▸ DATA FOR THIS TASK:
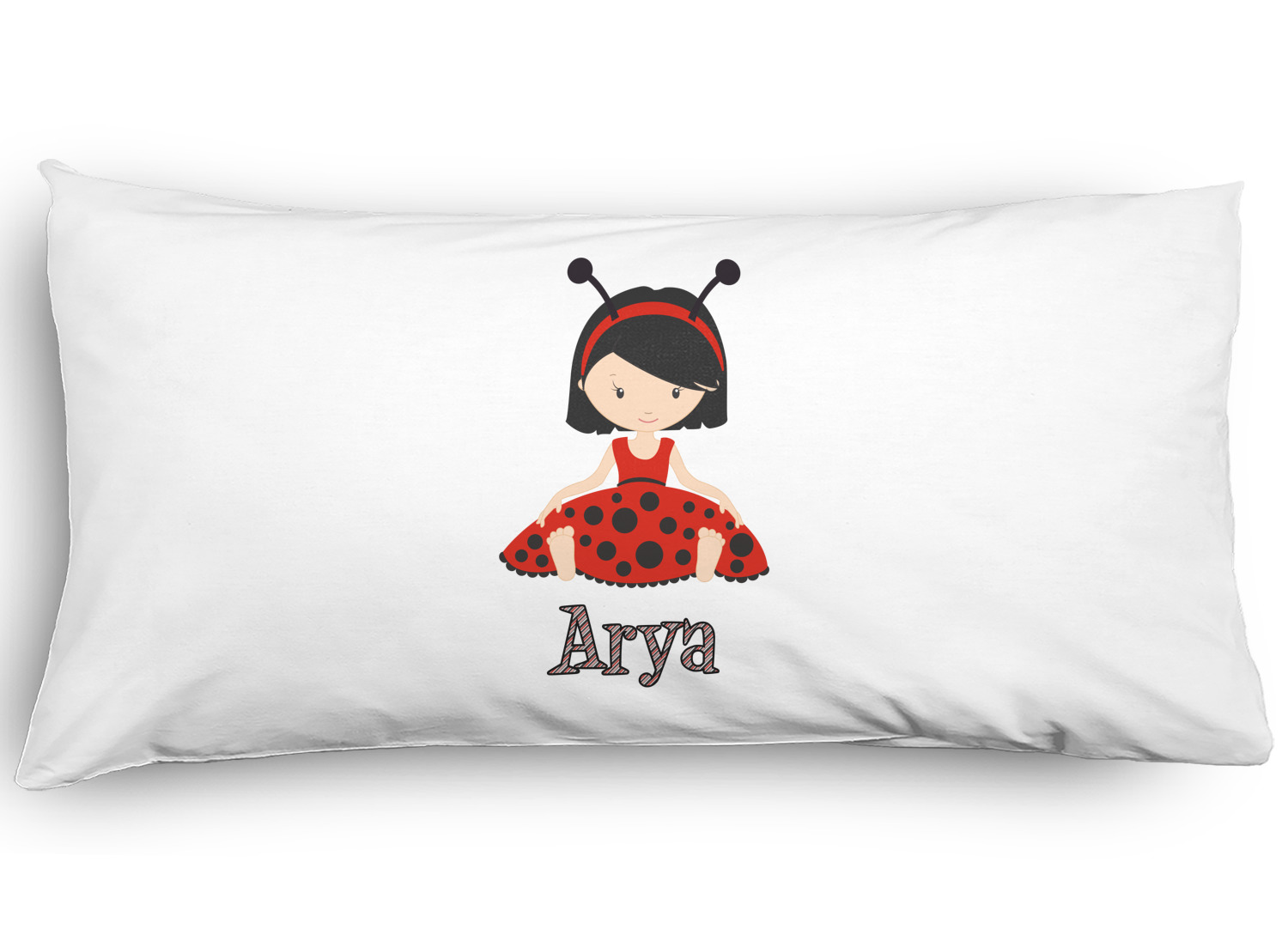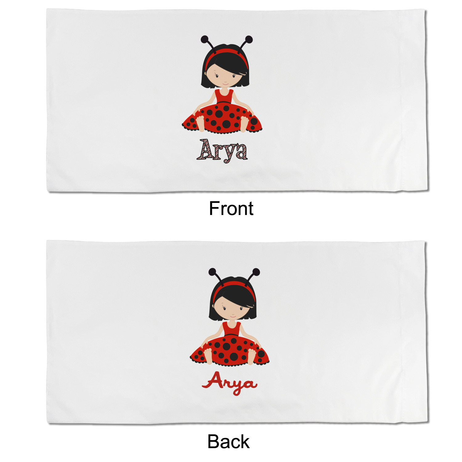 A wide band of red with an inset of black trim pulls the design together. A cute little girl dressed as a ladybug sits in the middle of a white scalloped circle label that is trimmed in double rows of black. Under the ladybug girl is ample room for custom personalization.
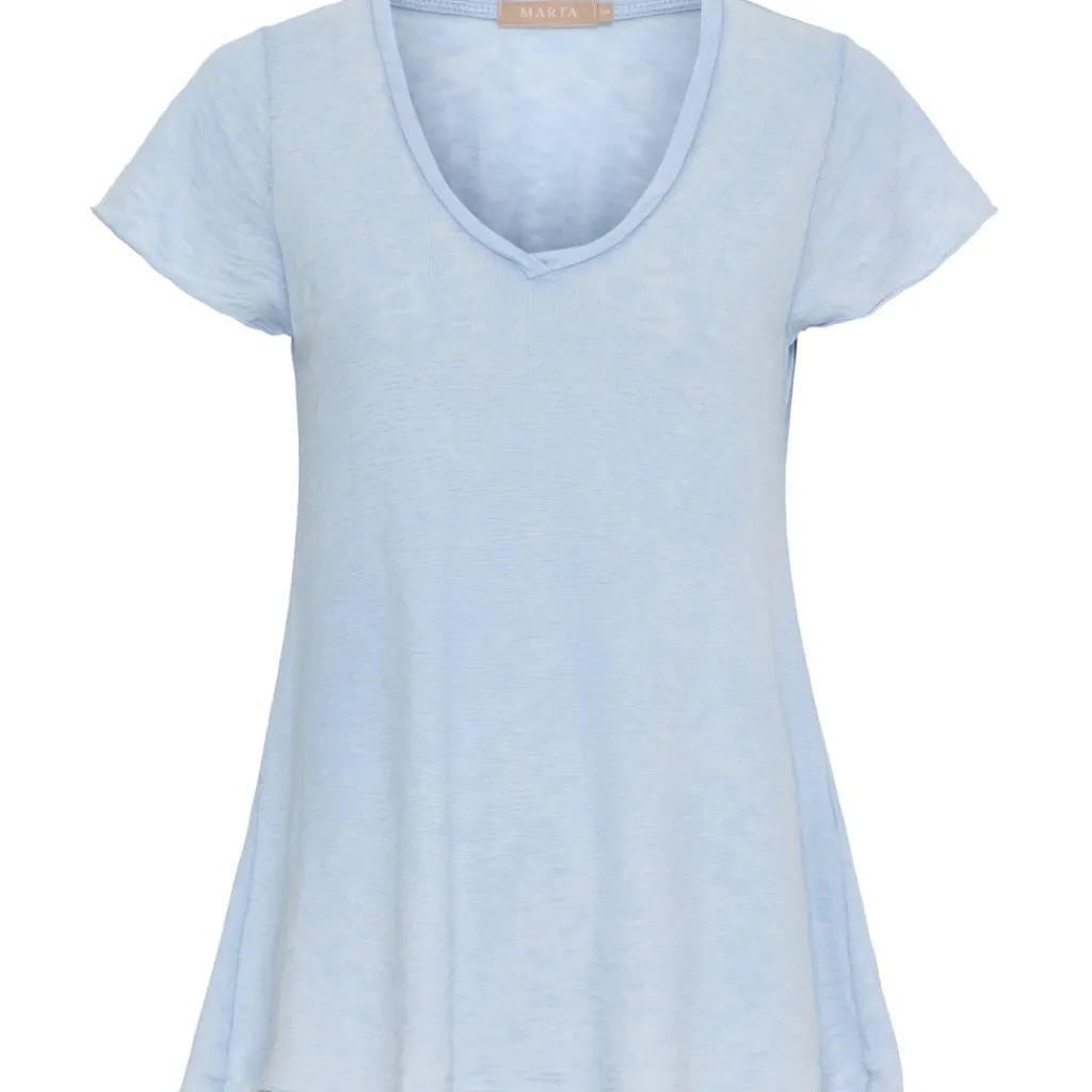 Flot basis t-shirt fra Marta Du Château med V-udskæring. Den er helt perfekt til hverdagsbrug med et par jeans og sneakers eller støvler. Brug den også med en cardigan på de kolde dage.
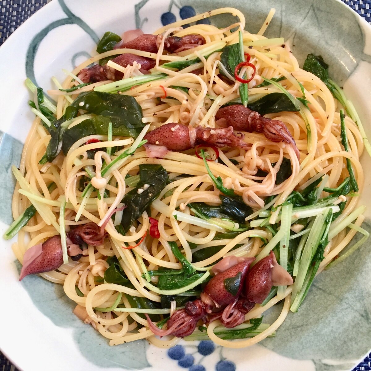 ホタルイカと水菜の和風ガーリックパスタ レシピ 作り方 By モーリーママ クックパッド
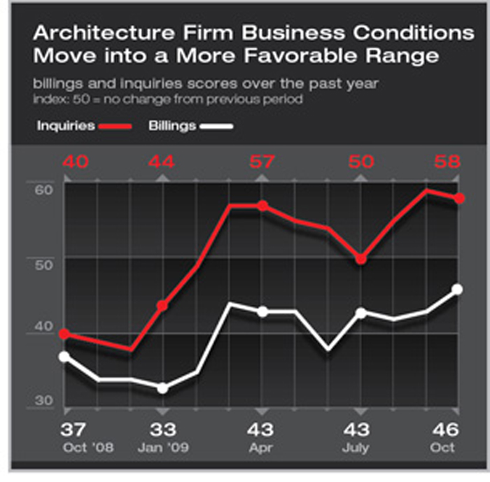 Most firms see 2010 as another challenging year, according to Kermit Baker, PhD, Hon. AIA Chief Economist. U.S. architecture firms reported progress toward an eventual recovery in October, as the AIA’s Architecture Billings Index moved up three points to 46.1. This reading is the strongest since the serious problems in the financial sector emerged in late summer 2008 and points to further improvement in the index in the months ahead. Inquiries for new project activity remained strong.
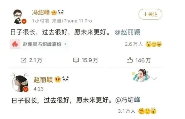 @赵丽颖 @冯绍峰 :日子很长,过去很好,愿未来更好。
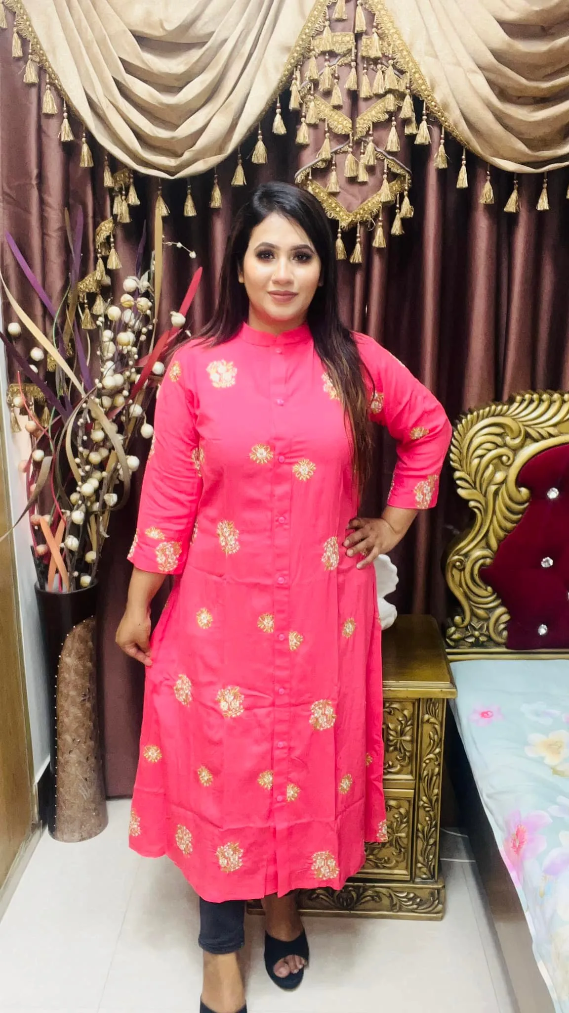 Elevate your everyday wardrobe with this Long Shirt Kurti, crafted from soft and breathable Arong Lilen fabric for a comfortable and stylish fit. Designed for body sizes 34–48 with a length of 46/48 inches, this kurti is perfect for casual outings, office wear, or festive occasions.
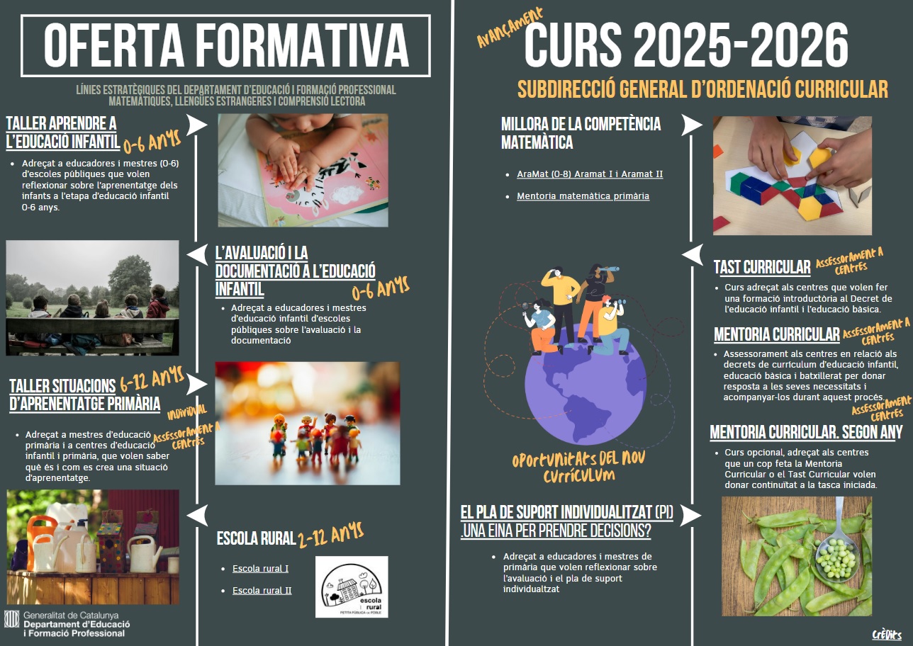 La Subdirecció General d’Ordenació Curricular presenta una nova oferta formativa adreçada als equips docents i als professionals de l’educació amb l’objectiu d’aprofundir en el desenvolupament curricular i impulsar la millora de les pràctiques educatives als centres per al curs 2025-2026.
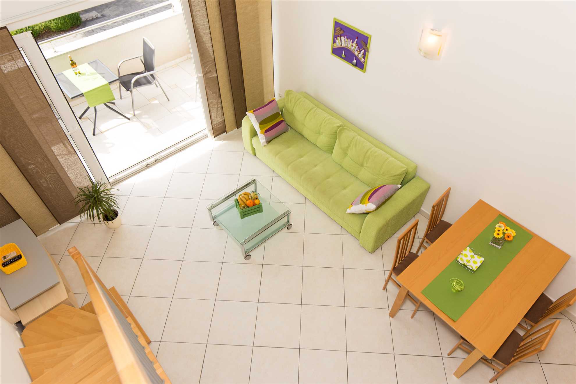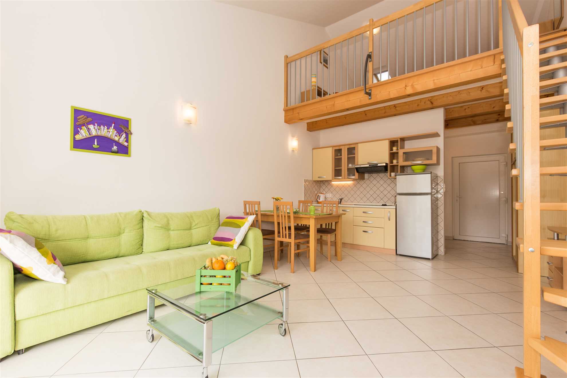 Step into Ines 5 and enjoy the minimalist, yet beautiful architecture. The apartment has a total of one bedroom that is tastefully decorated, reflecting elegance and comfort in every corner. The apartment is entered through the kitchen/living room and the bedroom is located on the attic gallery. A comfortable bed ensures a peaceful sleep, making you feel relaxed and full of energy.
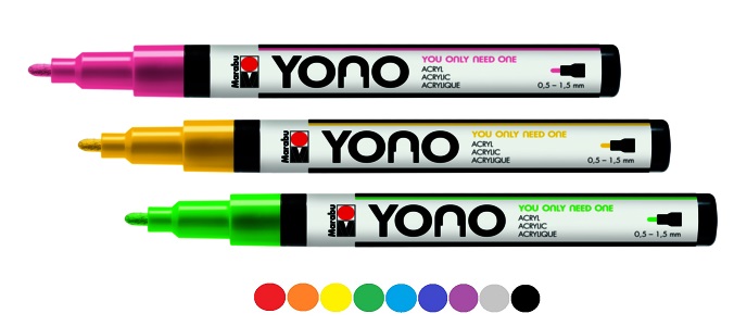 Acrylmarker für nahezu alle Untergründe z. B. Metall, Glas, Porzellan, Holz, Textilien, Stein, Kunststoff, Leinwand
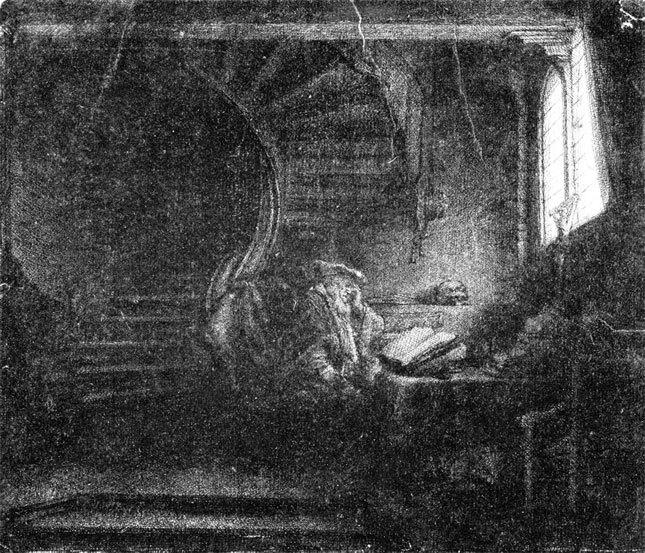 Рембрандт. Святой Иероним в темной комнате, 1642, офорт, сухая игла
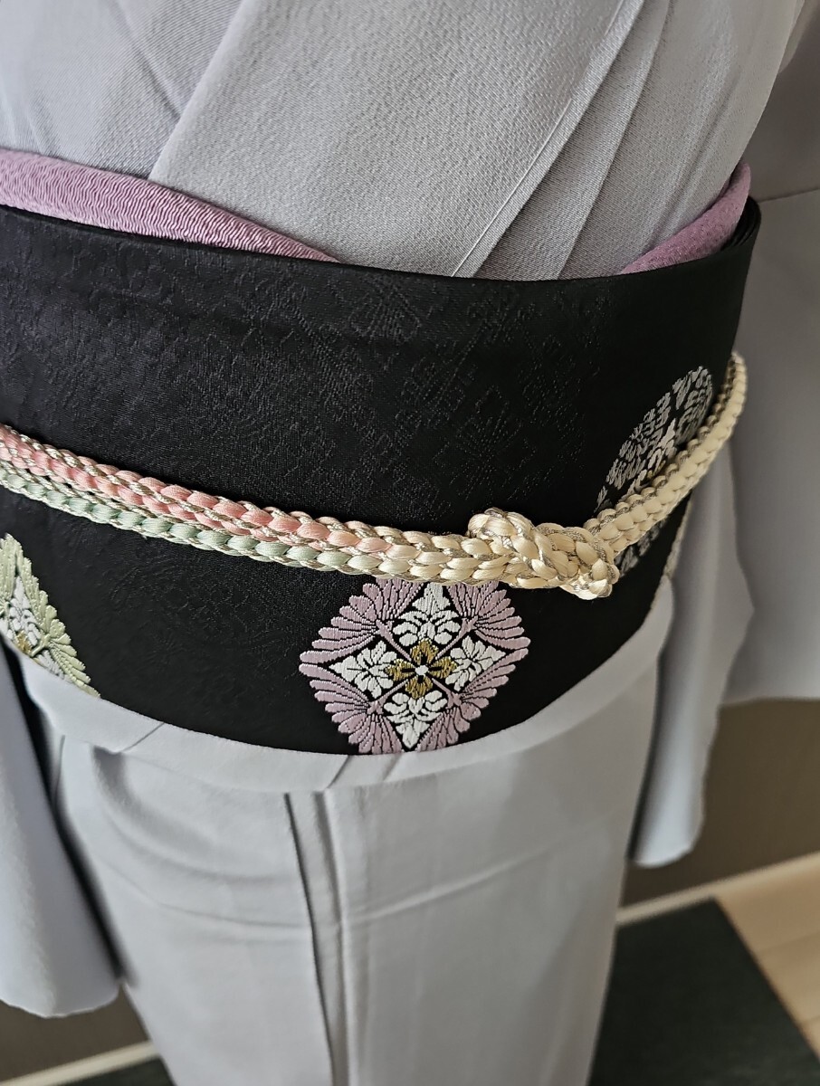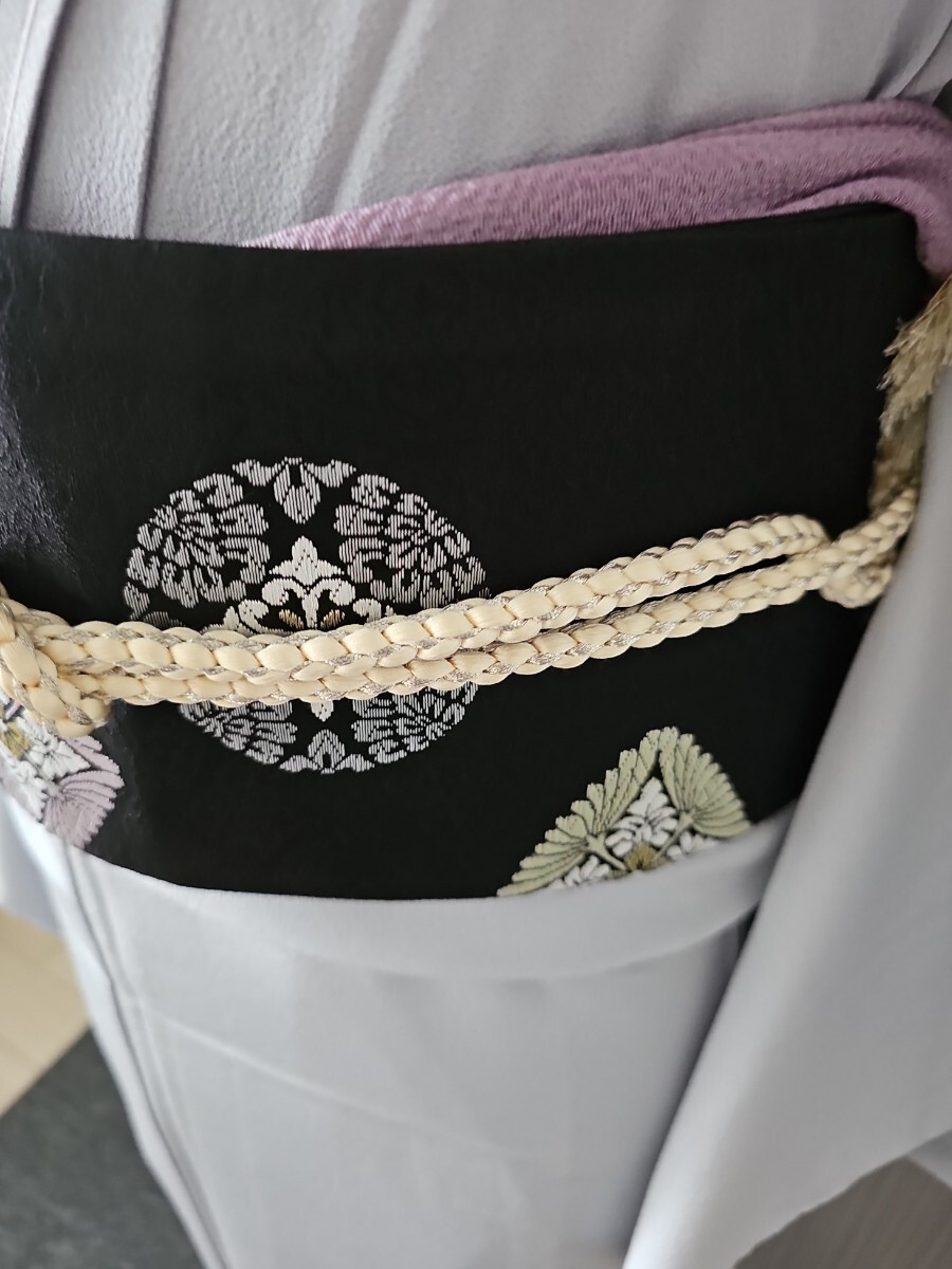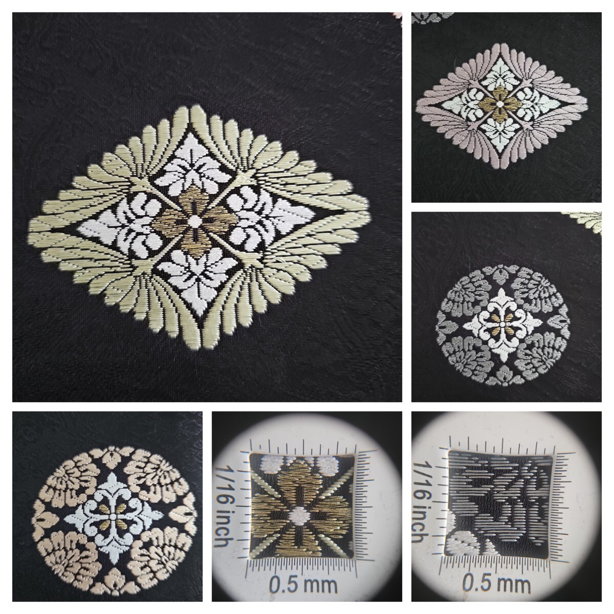 良い塩梅の張りと柔らかさを有する織地、黒、織地文様、金糸使いの花菱文様刺繍を施しながら表現したシックな華麗さが魅力的な上等なお品ものでございます。

▸ TASK: With the pictures omitted, the entries are to be transcribed in full, exactly as they appear.

▸ RESULT OF THIS TASK:
 A wide band of red with an inset of black trim pulls the design together. A cute little girl dressed as a ladybug sits in the middle of a white scalloped circle label that is trimmed in double rows of black. Under the ladybug girl is ample room for custom personalization.
 Flot basis t-shirt fra Marta Du Château med V-udskæring. Den er helt perfekt til hverdagsbrug med et par jeans og sneakers eller støvler. Brug den også med en cardigan på de kolde dage.
 ホタルイカと水菜の和風ガーリックパスタ レシピ 作り方 By モーリーママ クックパッド
 Most firms see 2010 as another challenging year, according to Kermit Baker, PhD, Hon. AIA Chief Economist. U.S. architecture firms reported progress toward an eventual recovery in October, as the AIA’s Architecture Billings Index moved up three points to 46.1. This reading is the strongest since the serious problems in the financial sector emerged in late summer 2008 and points to further improvement in the index in the months ahead. Inquiries for new project activity remained strong.
 @赵丽颖 @冯绍峰 :日子很长,过去很好,愿未来更好。
 Elevate your everyday wardrobe with this Long Shirt Kurti, crafted from soft and breathable Arong Lilen fabric for a comfortable and stylish fit. Designed for body sizes 34–48 with a length of 46/48 inches, this kurti is perfect for casual outings, office wear, or festive occasions.
 La Subdirecció General d’Ordenació Curricular presenta una nova oferta formativa adreçada als equips docents i als professionals de l’educació amb l’objectiu d’aprofundir en el desenvolupament curricular i impulsar la millora de les pràctiques educatives als centres per al curs 2025-2026.
 Step into Ines 5 and enjoy the minimalist, yet beautiful architecture. The apartment has a total of one bedroom that is tastefully decorated, reflecting elegance and comfort in every corner. The apartment is entered through the kitchen/living room and the bedroom is located on the attic gallery. A comfortable bed ensures a peaceful sleep, making you feel relaxed and full of energy.
 Acrylmarker für nahezu alle Untergründe z. B. Metall, Glas, Porzellan, Holz, Textilien, Stein, Kunststoff, Leinwand
 Рембрандт. Святой Иероним в темной комнате, 1642, офорт, сухая игла
 良い塩梅の張りと柔らかさを有する織地、黒、織地文様、金糸使いの花菱文様刺繍を施しながら表現したシックな華麗さが魅力的な上等なお品ものでございます。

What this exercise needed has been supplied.